The basics of contract work

As an IT contractor, you will provide your skills to clients and generally work on a short-term basis in a role such as a project manager, developer, systems administrator, or data analyst. You will be able to source job roles via recruitment agencies or by working directly with an end client, which is known as a direct contract.

pexels-photo-24406

Sourcing the right roles

The contracting sector is a competitive landscape, so you should submit your CV to a host of agencies around a month before you plan to go it alone. To increase your chances of securing the right job, you should:

  • Call agencies you submitted applications to the day before.
  • Chase up any positions you have recently applied for but haven’t spoken to an agent about.
  • Search job sites to find new positions.
  • Send off email applications.
  • Repeat the process on a daily basis.

It can be difficult when you are just starting out due to a lack of experience in flexible work, but with perseverance and bespoke job applications, you should be able to secure a suitable role. When you are ready to sign a contract, make sure that all the parties involved are fully aware of the factors involved, such as pay rates and duration, and that these terms are in writing.

Financial pitfalls

Conducting due diligence before signing a contract is one of the many actions that will help you to navigate the financial aspect of flexible work. For example, without a signed agreement, disputes can arise and you may not receive the payment you were expecting on time, which can have a detrimental impact on cash flow management and lead to financial concerns.

It is also important to master the complexities of tax law as you will be responsible for filing records on an annual basis and meeting tax deadlines. Failing to meet these obligations can result in severe financial penalties, which can threaten the continuity of your small business. For contractors in the UK, legislation such as IR35 can also be complex. However, working with an umbrella company will enable you to get advice about all aspects of contractor pay.
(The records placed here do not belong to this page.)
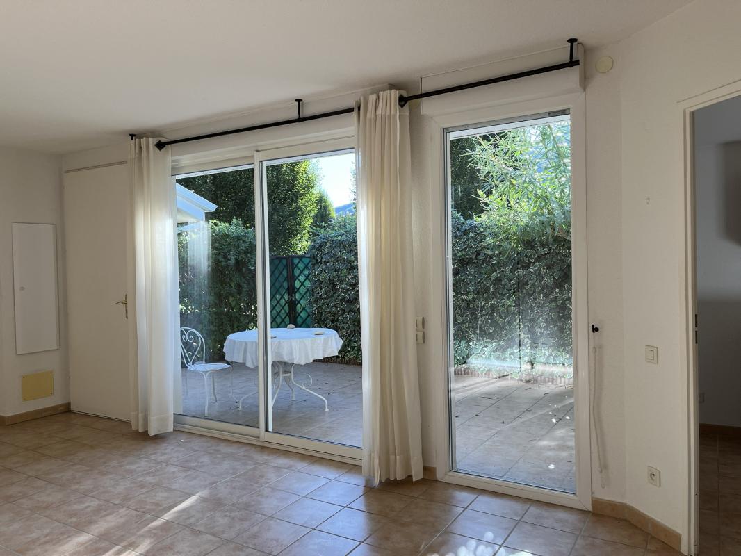 - Pièce de vie conviviale, donnant directement sur la terrasse et une piscine ensoleillée avec douche solaire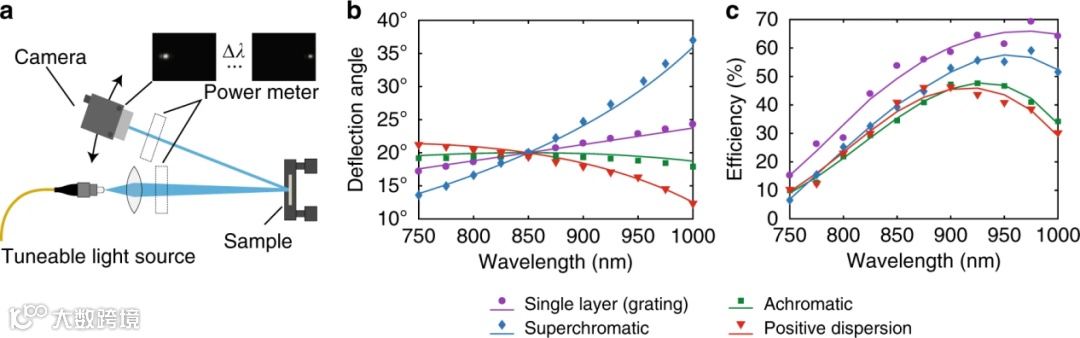 最后,为了进一步证实超表面控制色散结构的有效性,作者进行了实验验证。实验装置及结果如图8所示。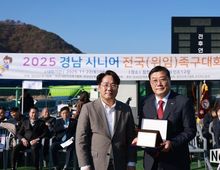 뉴스다 류대현 기자 | 합천군은 11월 22일 합천군민체육공원 인조1구장에서 열린 ‘2025 경남 시니어 전국(위임)족구대회’가 성황리에 마무리됐다고 24일 밝혔다. 경상남도족구협회 주최, 대한민국족구협회‧경상남도족구협회‧합천군족구협회 주관으로 진행된 이번 대회에는 전국의 시니어 족구 동호인 45팀, 300여 명이 참가해 열띤 경기를 펼쳤다. 개회식에는 김윤철 합천군수, 정봉훈 군의장, 장진영 도의원, 유달형 체육회장, 이대재 대한민국족구협회장, 이재현 경상남도족구협회장, 박재영 합천군족구협회장 등 내빈이 참석해 의미를 더했다. 또한 이날 대한민국족구협회에서 족구발전 공로에 대한 감사패를 김윤철 합천군수에게 수여해 훈훈한 분위기를 더했다. 대회결과, ▲60대이상부 창원위드60(안경수, 박경주, 박경림, 이인수, 이상우) ▲65세이상부 울산65(강병노, 김영호, 김재우, 김종인, 박성태, 왕삼천, 이대우) ▲70세이상부 부산재미사마(김정태, 김태선, 장오환, 황대선) ▲경남60대부 의령60(김경도, 정항석, 강동준, 최승동, 윤해용, 전원재) 에서 우승의 영광을 차지했다. 특히 합천팀에서 ▲70세이상부 수려한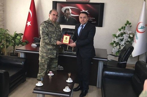 TSK Sağlık Komutanı Tümamiral Prof.Dr. Hayati Bilgiç, Gaziantep 5. Zırhlı Tugay Komutanı Tuğgeneral Ali Ekiyor ve beraberindeki heyet Kamu Hastaneleri Birliği Genel Sekreteri Uzm. Dr. Serdar Sarıfakı ve Kilis Devlet Hastanesi hakkında bilgi alarak, El Bab operasyonunda yaralanan askerleri ziyaret ettiler. Prof.Dr. Hayati Bilgiç, üstün çalışmalarından dolayı hastane çalışanları adına Kamu Hastaneleri Birliği Genel Sekreteri Uzm. Dr. Serdar Sarıfakı’ya teşekkür plaketi takdim etti.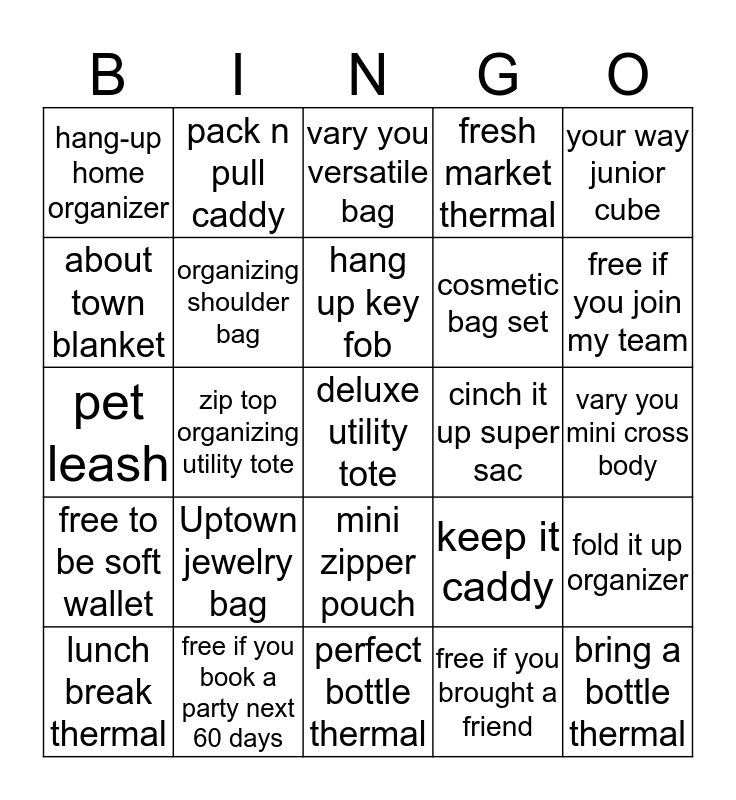 This bingo card has a free space and 24 words: Uptown jewelry bag, free if you book a party next 60 days, hang up key fob, lunch break thermal, your way junior cube, hang-up home organizer, about town blanket, pack n pull caddy, cinch it up super sac, mini zipper pouch, cosmetic bag set, pet leash, keep it caddy, fold it up organizer, organizing shoulder bag, free if you brought a friend, vary you mini cross body, vary you versatile bag, free if you join my team, zip top organizing utility tote, bring a bottle thermal, free to be soft wallet, fresh market thermal and perfect bottle thermal.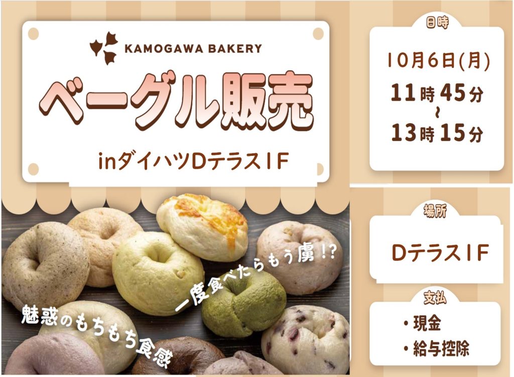 来週10月6日(月)はDテラスにて、鴨川ベーカリーの即売会を実施いたします。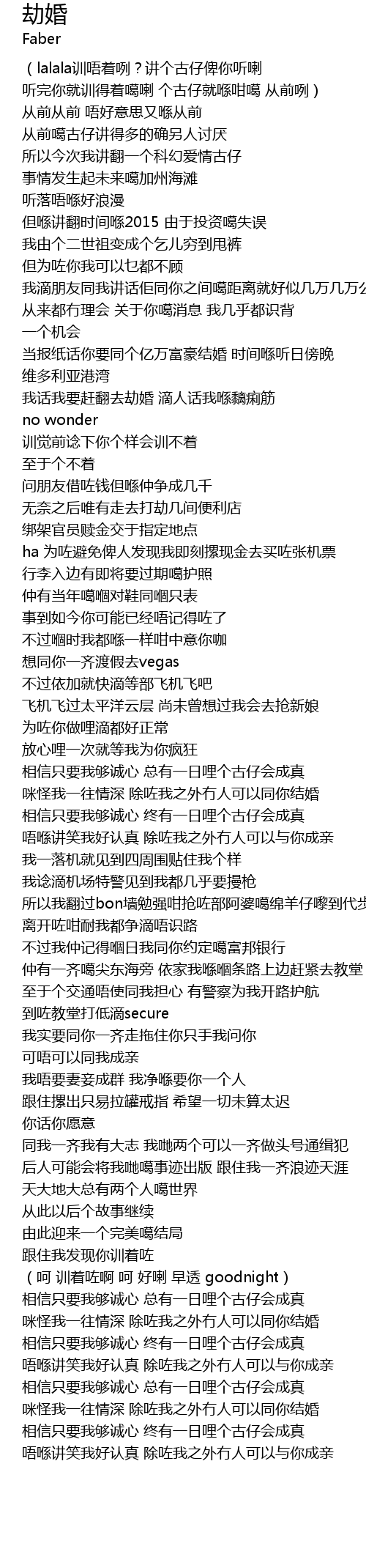 | [00:55.80] | 我话我要赶翻去劫婚 滴人话我喺黐痢筋 |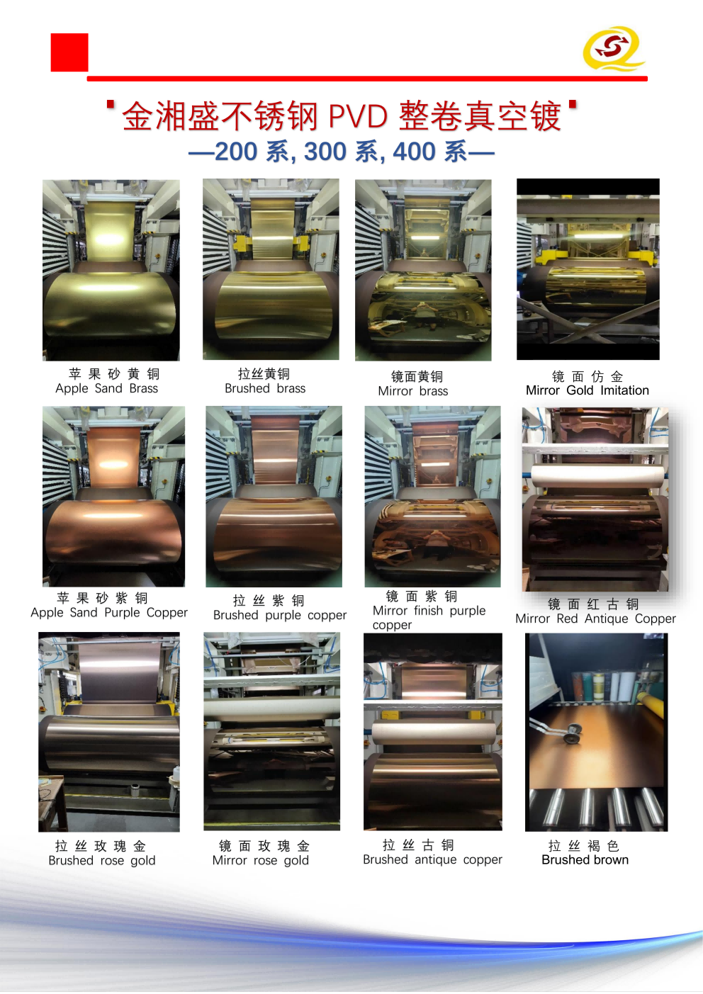 佛山市金湘盛金属材料有限公司成立于2018年9月,公司现有压延机、制管机、拉矫机、抛光机、磨砂机、压花机、8K机、分条机、平板机,并有两条由德国引进先进的金属带材真空镀膜生产线和两条自动化高速滚涂金属卷材生产线,配备了完整的不锈钢前后加工配套产业链。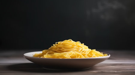 A simple and appealing presentation of freshly cooked spaghetti noodles, elegantly arranged on a round white plate with a minimalist backdrop.

IT contractors inevitably have periods of time when they are “on the bench” following the conclusion of a contract, and this increases the risk of running out of money. It is important to make the most of the times when you are in work to build up a war chest to cover for these downtimes and establish a robust recordkeeping and invoicing strategy. Contractors are the most vulnerable when it comes to late payments, so always send invoices on time and follow up with reminders to ensure that third parties pay what is owed to you.

Be your own boss

Despite the challenges associated with flexible work, there has never been a better time for professionals with a tech background or IT training to pursue a career as an IT contractor. You will be able to attain a better work-life balance, use your skills and experience to secure well-paid broad and niche job roles, and enjoy the freedom of being in control of your own destiny.